La Police fédérale des étrangers envoie une circulaire datée du 14 janvier 1957 à ses sections cantonales sur la question de l’établissement de laboratoires de recherche par des firmes étrangères, principalement américaines615. Celle-ci reprend dans les grandes lignes les considérations évoquées lors de la réunion organisée par l’OFIAMT avec les milieux patronaux concernés. L’attitude libérale reste donc de mise. Le Vorort informe aussi ses affiliés début janvier du résultat des discussions, soulignant « que leurs cercles ne peuvent pas exiger de mettre des bâtons dans les roues » aux multinationales américaines en refusant l’octroi de permis de travail et d’établissement616.

Ces prises de position de la Police des étrangers et du Vorort font que les permis sont effectivement accordés dans la majorité des cas. Par exemple, la Chambre de commerce de Zurich rapporte qu’entre janvier 1957 et avril 1959, sur 91 cas évalués, seules cinq requêtes ont été jugées négativement617. De plus, une coopération se met progressivement en place entre les centres de recherche et développement américains et le réseau académique helvétique, surtout avec l’EPFZ. Plusieurs professeurs de cette institution collaborent dès 1959 avec IBM, la RCA ou encore Monsanto618.

613 Ernst Speiser, Brown Boveri & Cie, Betr. : Errichtung von amerikanischen Forschungslaboratorien in der Schweiz, zu dem VSM, Baden, 26.05.1956. AFZ, IB-Vorort Archiv, 54.2.20.

614 Bernard Wehrli, SHIV, Konferenz betreffend die fremdenpolizeiliche Praxis gegenüber amerikanischen Forschungsinstituten und – Laboratorien in der Schweiz, Im Konferenzsaal des BIGA, Bern, 30.08.1956, p. 3-4. AFZ, IB-Vorort Archiv, 54.2.20.

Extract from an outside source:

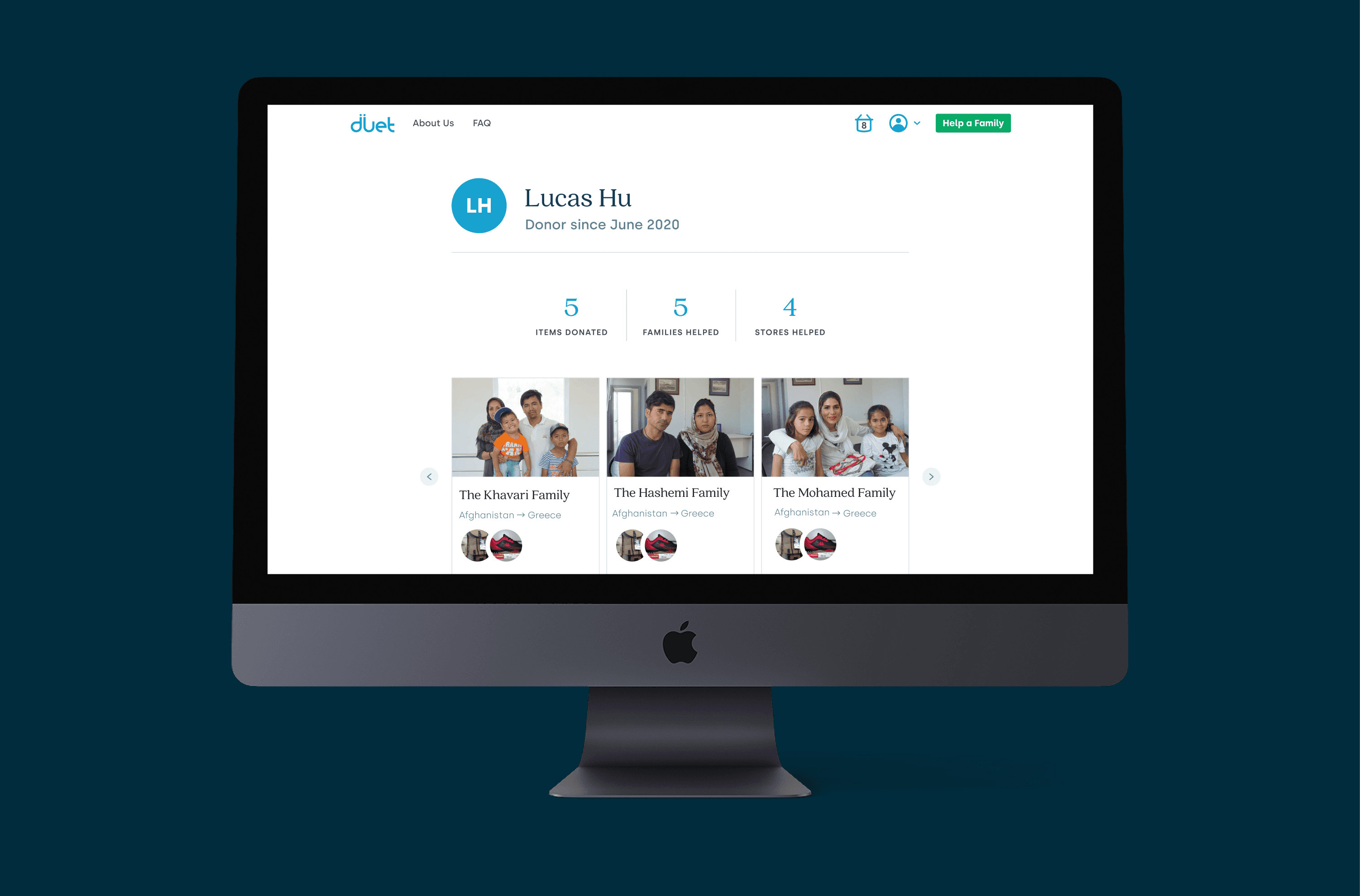 The impact page lives on the donor's individual profile, providing transparency in 3 keys features. Donors can swipe through the carousel to see the families they've donated to and the items given. The map progress bar categorizes items into distinct parts of the refugee journey where the items might be most useful. Finally, donors can see their economic impact on local communities. The more donors gives to Duet, the more this page grows.

615 Eidg. Fremdenpolizei, Kreisschreiben Nr.777 betr. Die Errichtung von Forschungsinstituten in der Schweiz durch ausländische (amerikanische) Firmen, an die kantonalen Fremdenpolizeibehörden, 14.1.1957. AF, E4300C-01#1960/27# 65*.

616 Vorort des SHIV, Errichtung von Forschungsinstituten in der Schweiz durch ausländische (vor allem amerikanische) Firmen, an die Handelskammern und interessierten Fachverbände, 07.01.1957, p. 1-2.

AFZ, IB-Vorort Archiv, 54.2.20.

617 Zürcher Handelskammer, Amerikanische Zuwanderung und Fremdenpolizei, an den Vorort des SHIV, 05.05.1959, p. 3. AFZ, IB-Vorort Archiv, 54.2.24.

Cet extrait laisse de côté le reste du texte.